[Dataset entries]
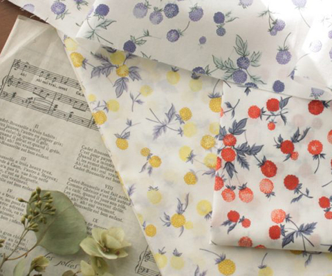盛夏の定番素材として、ギャザーブラウスなどにお使いいただいております。廃色になったレッドのリクエストにいつかお応えできるよう、継続していきたいと思います。
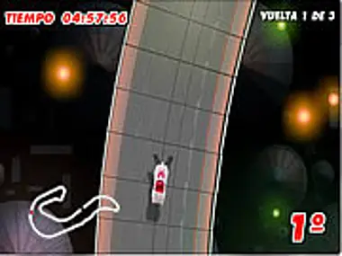 Complete all the turns to the track in the less possible time without falling into the emptiness. Use the arrow keys to drive. Press Shift to jump and the space bar to use your weapon.
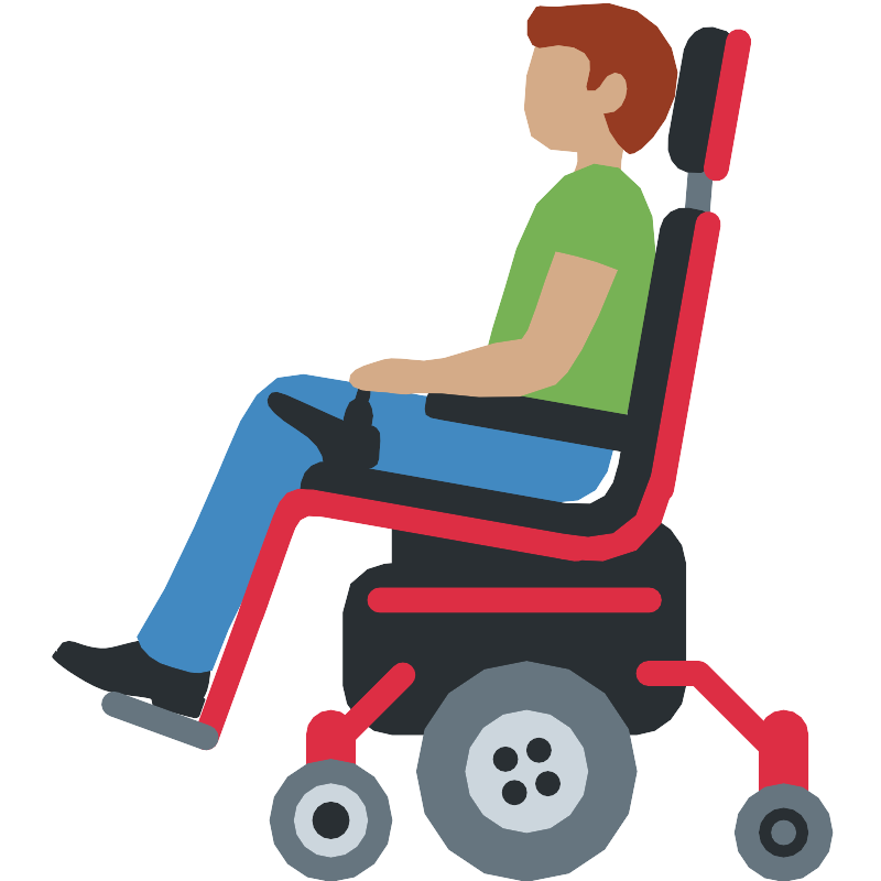 Мужчина в моторизованной инвалидной коляске (средний тон кожи)
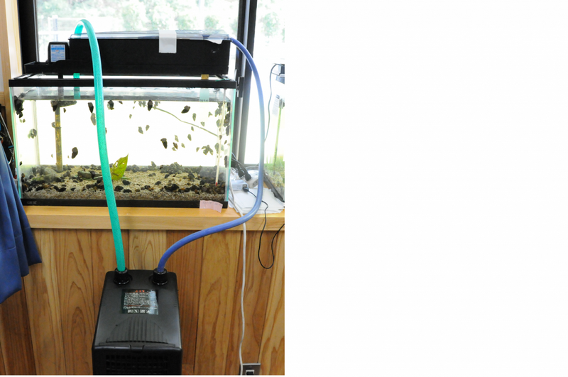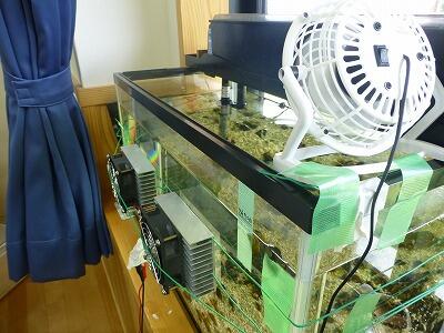 風を送ることでどのくらいの効果があるのか調べるために、2つの水槽のうち片方だけにファンを取り付けました。
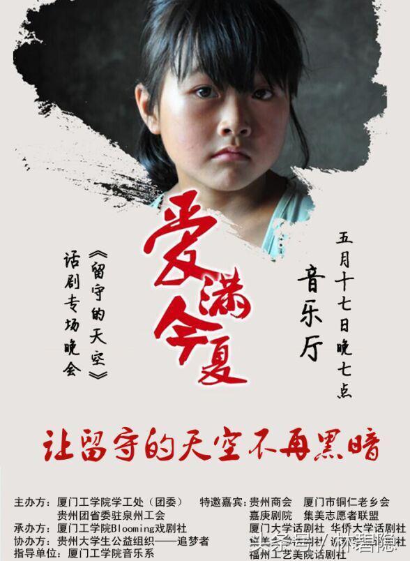 这是由厦门工学院学生社团星辰剧社演绎的公益话剧《留守的天空》节选片段。这部以留守儿童为题材的话剧,也因故事内容真实感人,演员表演投入细腻,获得了“全省社团前五十强”的荣誉称号,并受邀出席福建省高校社团“首届嘉年华”活动。

# EXERCISE AIM
Although the records contain pictures, your copy should hold only the text, reproduced exactly.

# ANSWER SPACE
盛夏の定番素材として、ギャザーブラウスなどにお使いいただいております。廃色になったレッドのリクエストにいつかお応えできるよう、継続していきたいと思います。
 Complete all the turns to the track in the less possible time without falling into the emptiness. Use the arrow keys to drive. Press Shift to jump and the space bar to use your weapon.
 Мужчина в моторизованной инвалидной коляске (средний тон кожи)
 風を送ることでどのくらいの効果があるのか調べるために、2つの水槽のうち片方だけにファンを取り付けました。
 这是由厦门工学院学生社团星辰剧社演绎的公益话剧《留守的天空》节选片段。这部以留守儿童为题材的话剧,也因故事内容真实感人,演员表演投入细腻,获得了“全省社团前五十强”的荣誉称号,并受邀出席福建省高校社团“首届嘉年华”活动。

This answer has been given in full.